### PROBLEM REQUIREMENTS:
The required lines are those that contain "kontaktnøglen"; pull them out of the data and copy them.
- - -
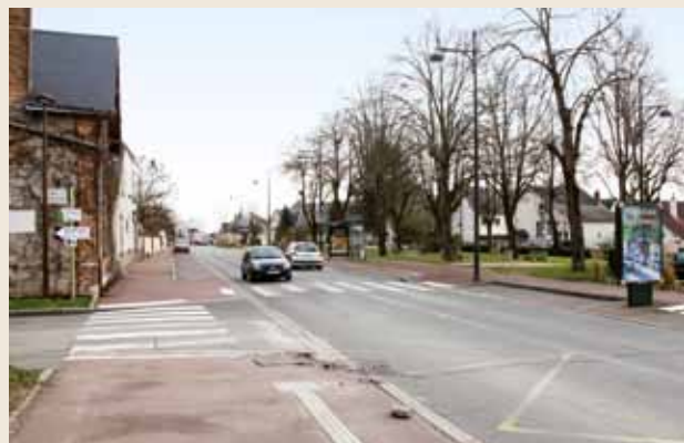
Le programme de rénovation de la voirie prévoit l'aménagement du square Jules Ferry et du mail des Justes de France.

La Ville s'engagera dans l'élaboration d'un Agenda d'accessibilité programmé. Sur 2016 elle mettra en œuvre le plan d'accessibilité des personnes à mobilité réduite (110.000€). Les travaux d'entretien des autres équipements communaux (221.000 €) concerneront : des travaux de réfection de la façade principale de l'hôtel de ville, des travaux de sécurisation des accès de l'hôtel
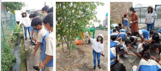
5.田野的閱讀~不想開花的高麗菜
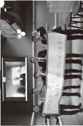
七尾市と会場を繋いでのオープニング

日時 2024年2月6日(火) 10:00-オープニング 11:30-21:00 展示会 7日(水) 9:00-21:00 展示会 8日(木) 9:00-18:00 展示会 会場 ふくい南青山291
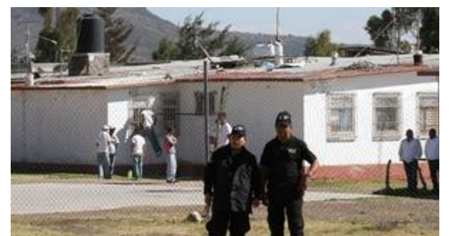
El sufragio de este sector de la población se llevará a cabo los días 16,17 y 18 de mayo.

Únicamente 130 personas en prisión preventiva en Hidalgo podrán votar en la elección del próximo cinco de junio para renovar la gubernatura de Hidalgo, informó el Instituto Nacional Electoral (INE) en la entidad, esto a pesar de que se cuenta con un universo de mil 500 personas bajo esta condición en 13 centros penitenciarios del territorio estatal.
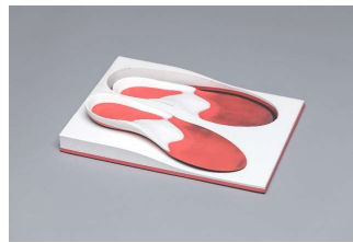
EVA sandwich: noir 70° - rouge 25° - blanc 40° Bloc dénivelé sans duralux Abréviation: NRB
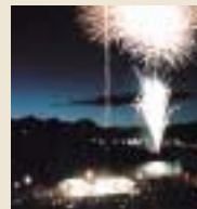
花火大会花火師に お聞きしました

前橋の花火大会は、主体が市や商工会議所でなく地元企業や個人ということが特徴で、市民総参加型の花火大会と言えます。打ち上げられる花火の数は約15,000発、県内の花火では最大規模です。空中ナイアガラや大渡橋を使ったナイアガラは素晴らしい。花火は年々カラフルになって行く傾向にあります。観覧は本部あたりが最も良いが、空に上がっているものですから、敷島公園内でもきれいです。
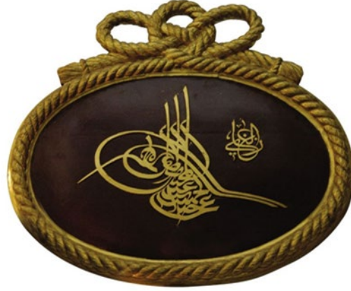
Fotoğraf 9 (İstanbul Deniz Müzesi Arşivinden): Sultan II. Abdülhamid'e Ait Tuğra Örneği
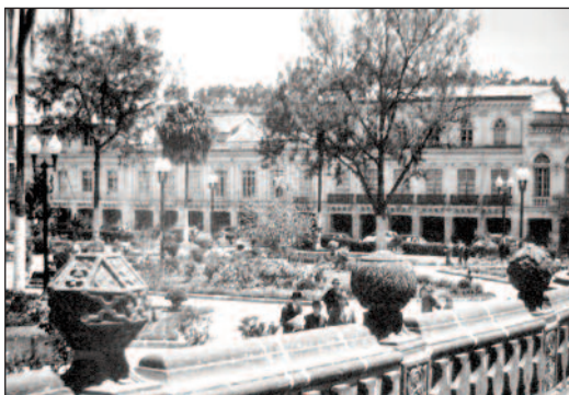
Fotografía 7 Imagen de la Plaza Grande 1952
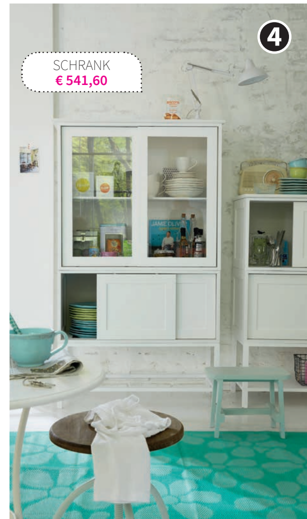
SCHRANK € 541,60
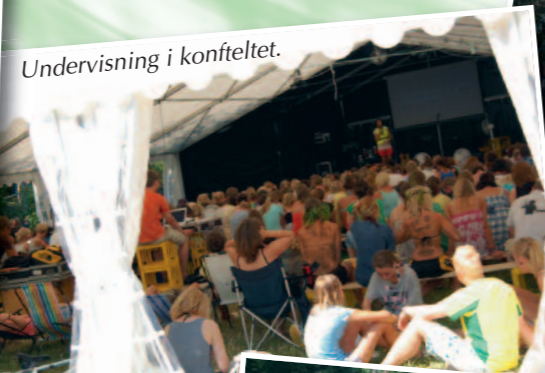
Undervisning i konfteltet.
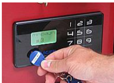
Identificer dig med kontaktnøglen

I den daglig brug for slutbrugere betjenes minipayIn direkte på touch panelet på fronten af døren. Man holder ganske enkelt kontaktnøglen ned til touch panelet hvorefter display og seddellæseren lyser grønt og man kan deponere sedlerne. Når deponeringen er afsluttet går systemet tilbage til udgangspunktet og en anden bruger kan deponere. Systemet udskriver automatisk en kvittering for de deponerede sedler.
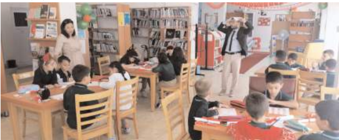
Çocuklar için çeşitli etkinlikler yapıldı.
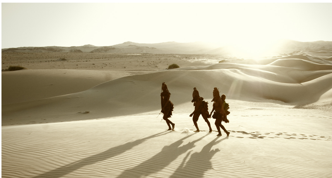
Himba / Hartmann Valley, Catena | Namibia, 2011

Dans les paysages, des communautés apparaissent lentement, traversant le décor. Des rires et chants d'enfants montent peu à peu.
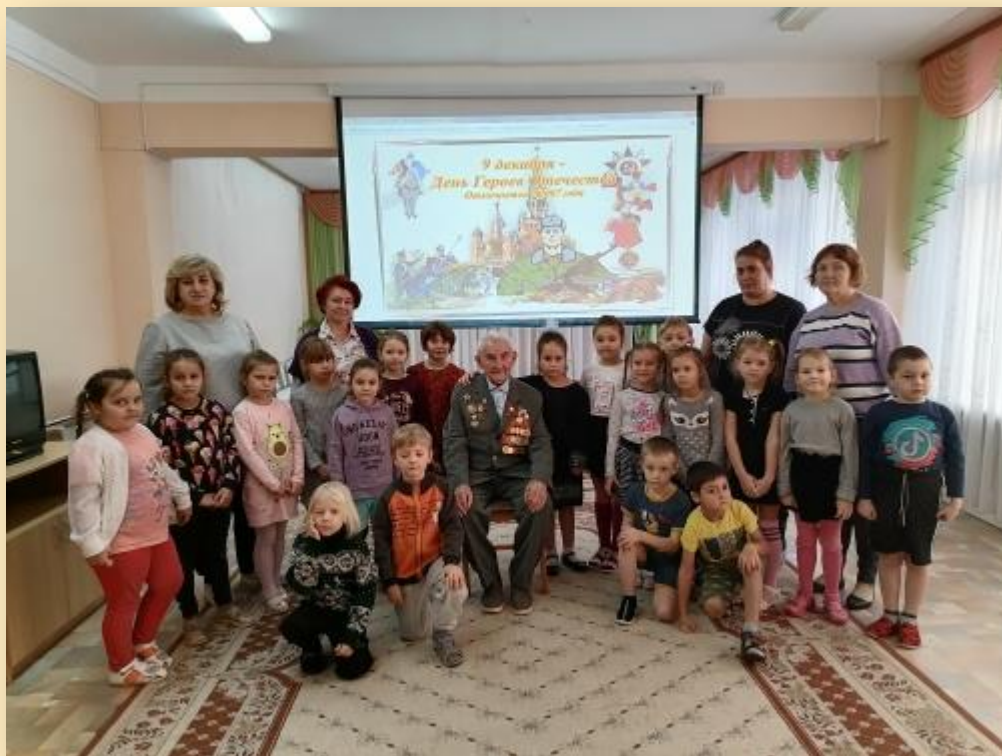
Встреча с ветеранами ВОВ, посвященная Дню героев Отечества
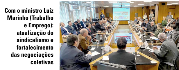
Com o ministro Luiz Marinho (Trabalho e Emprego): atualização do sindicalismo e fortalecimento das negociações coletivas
- - -
### THE COMPLETED TASK:
Identificer dig med kontaktnøglen
I den daglig brug for slutbrugere betjenes minipayIn direkte på touch panelet på fronten af døren. Man holder ganske enkelt kontaktnøglen ned til touch panelet hvorefter display og seddellæseren lyser grønt og man kan deponere sedlerne. Når deponeringen er afsluttet går systemet tilbage til udgangspunktet og en anden bruger kan deponere. Systemet udskriver automatisk en kvittering for de deponerede sedler.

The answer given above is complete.